[Information given Boundary: Start]

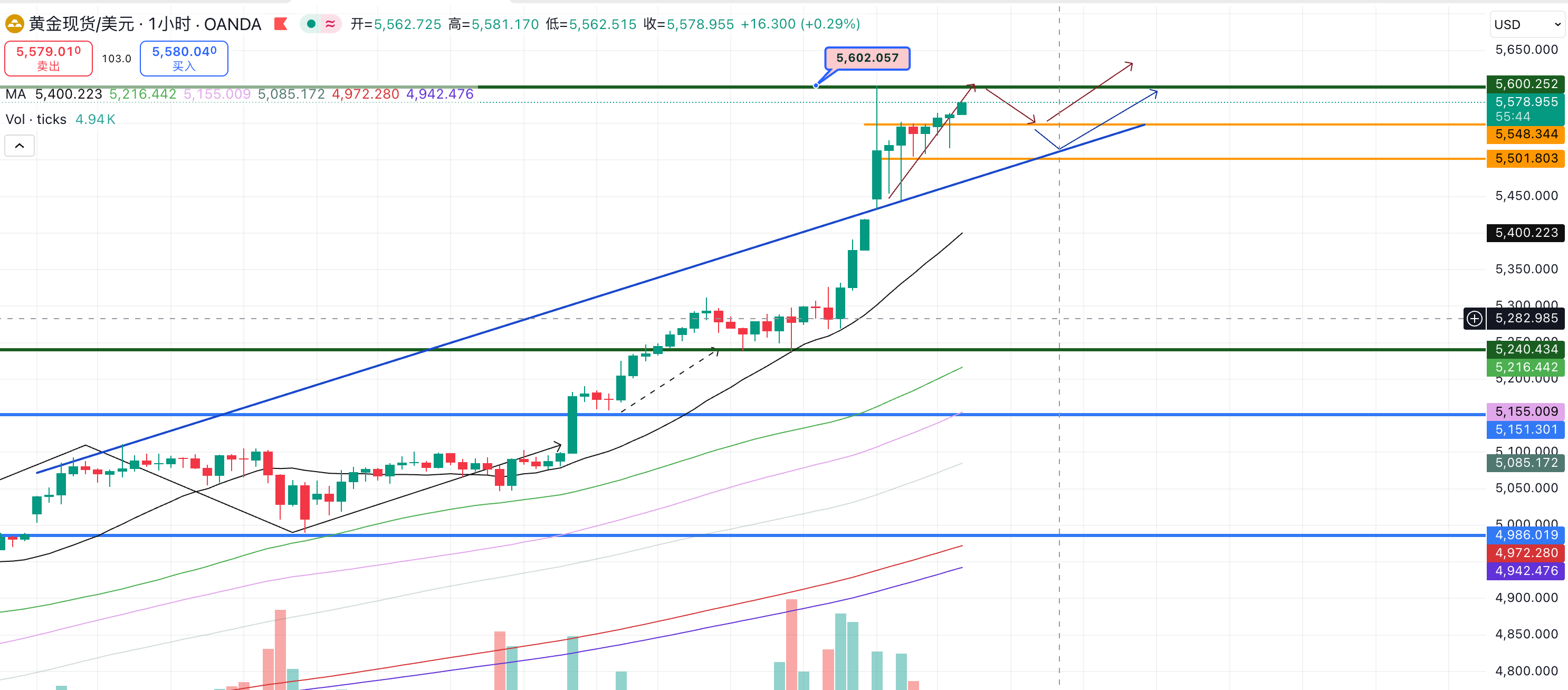 周四早盘,金价一度触及 5596 美元/盎司,多头情绪依旧占据主导。
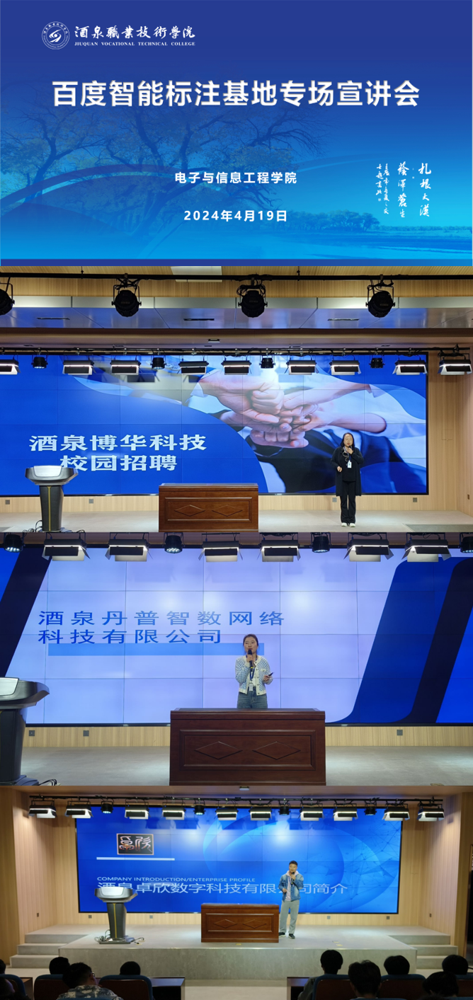 宣讲会由酒泉博华数字科技有限公司、酒泉卓欣数字科技有限公司、酒泉丹普数字科技有限公司三家数据标注服务商逐次主讲,一方面向实习学生讲述各自企业文化、管理要求、工作内容、薪资待遇,企业福利等内容,另一方面针对前期学生提出的问题做出解答。
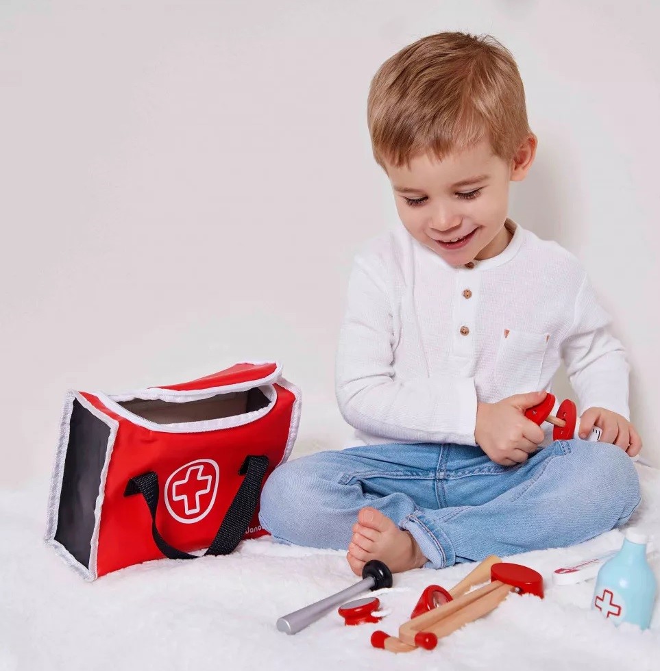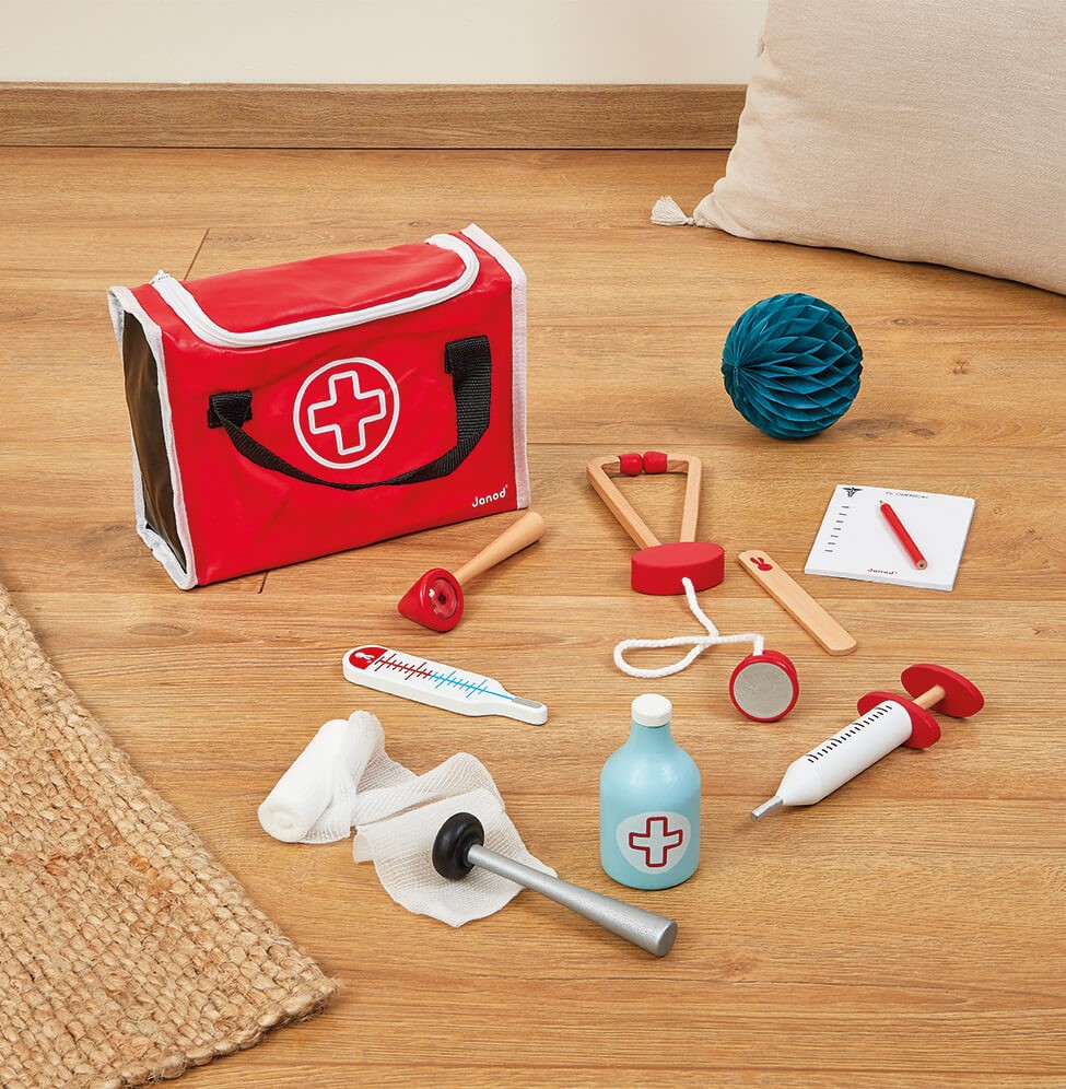 Великий і такий цікавий набір для гри у доктора від французького бренду Janod. Чемоданчик із набору наче справжній, тут зберігаються 10 аксесуарів: шприц, рефлекторний молоток, пляшечка із дезінфікуючим засобом, стетоскоп, отоскоп із збільшуваним склом, термометр, язикотримач, блокнот з рецептами, олівець та бинт. Усі елементи вироблені із натурального дерева та пластику, матеріал нетоксичний та абсолютно безпечний для дітей. Набір розвиватиме креативність, уяву, навчить піклуватись за людьми і, можливо, прищепить любов до медицини. Рекомендовано для дітей віком від 3-х років.
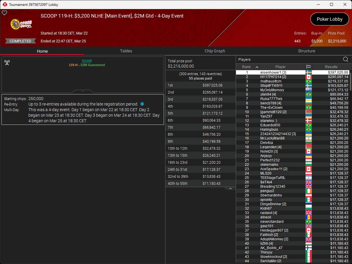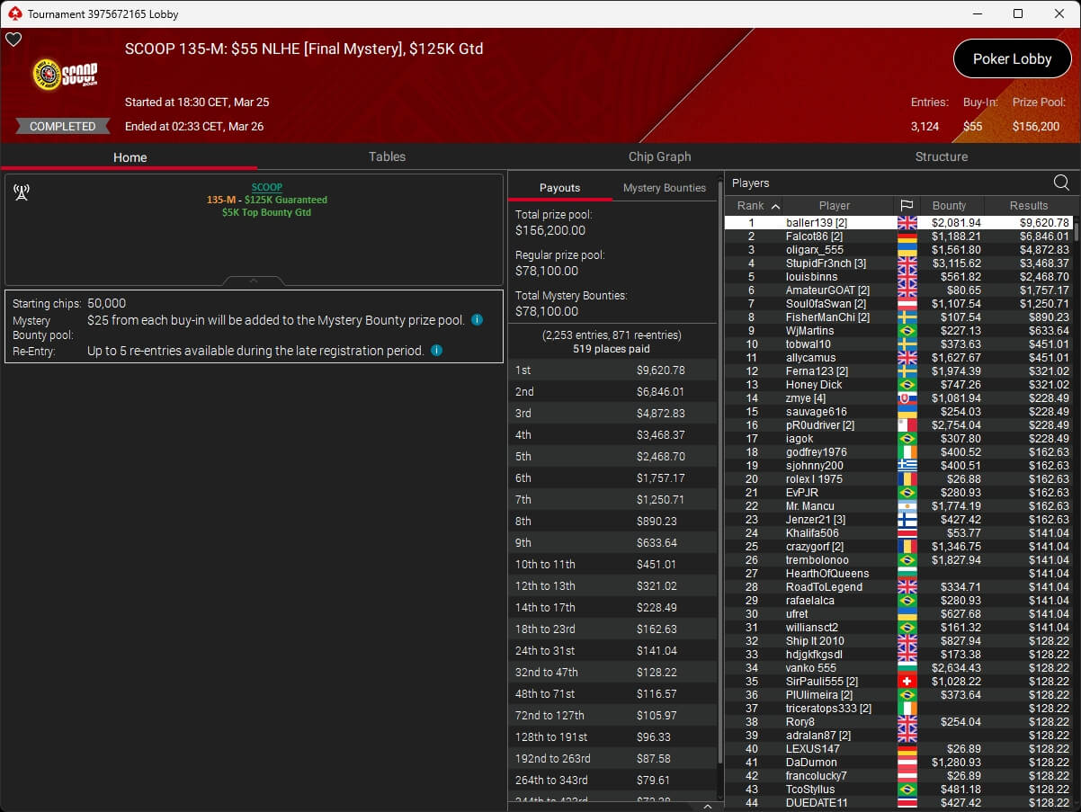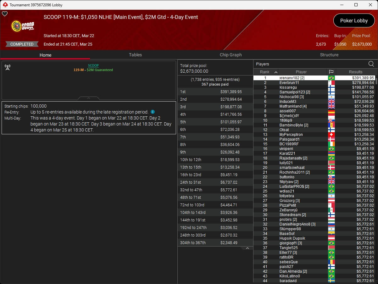 Erfolgreichster DACH-Spieler im $1.050 Main Event war assel007 (8./$36.604,06). Der Sieg sowie $391.389,95 Preisgeld gingen am Ende an Renan „xrenanx182“ Meneguetti. Everbrun11 (2./$278.994,64) und kissaregu (3./$198.877,08) standen ebenfalls auf dem Treppchen.
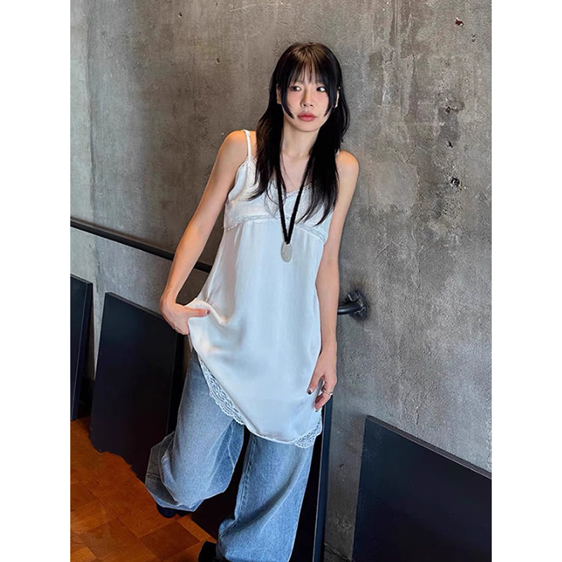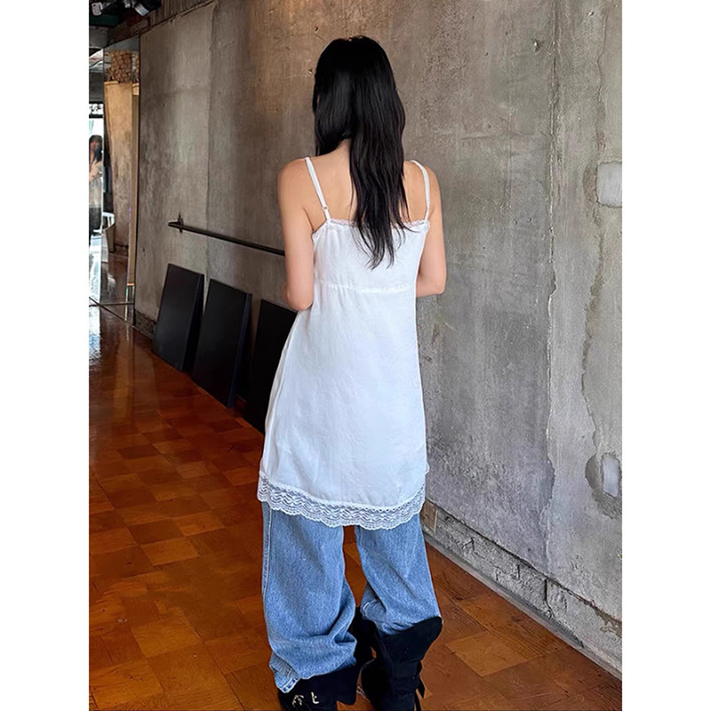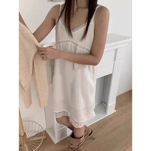 减龄宽松短裙子 法式 良良家拼接蕾丝花边内搭吊带连衣裙女夏季 新款
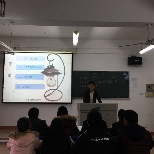 11月9日下午,机材学院于竞知楼309教室举行团学联学生干部竞聘大会。机材学院党委副书记陈娜、团委书记彭西峰、学生科副科长李新萍、团委副书记欧阳效卓、学生科老师李悦以及团学联部分学生干部担任了本次竞聘大会的评委。机材学院竞聘团学联学生干部的64名同学参加了本次大会。

[Information given Boundary: End]

Task to carry out:
Using the data above, output the line that has "宣讲会由酒泉博华数字科技有限", the line that has "Великий і такий", and whatever lines fall between, each exactly as it stands and without pictures.

Response:
 宣讲会由酒泉博华数字科技有限公司、酒泉卓欣数字科技有限公司、酒泉丹普数字科技有限公司三家数据标注服务商逐次主讲,一方面向实习学生讲述各自企业文化、管理要求、工作内容、薪资待遇,企业福利等内容,另一方面针对前期学生提出的问题做出解答。
 Великий і такий цікавий набір для гри у доктора від французького бренду Janod. Чемоданчик із набору наче справжній, тут зберігаються 10 аксесуарів: шприц, рефлекторний молоток, пляшечка із дезінфікуючим засобом, стетоскоп, отоскоп із збільшуваним склом, термометр, язикотримач, блокнот з рецептами, олівець та бинт. Усі елементи вироблені із натурального дерева та пластику, матеріал нетоксичний та абсолютно безпечний для дітей. Набір розвиватиме креативність, уяву, навчить піклуватись за людьми і, можливо, прищепить любов до медицини. Рекомендовано для дітей віком від 3-х років.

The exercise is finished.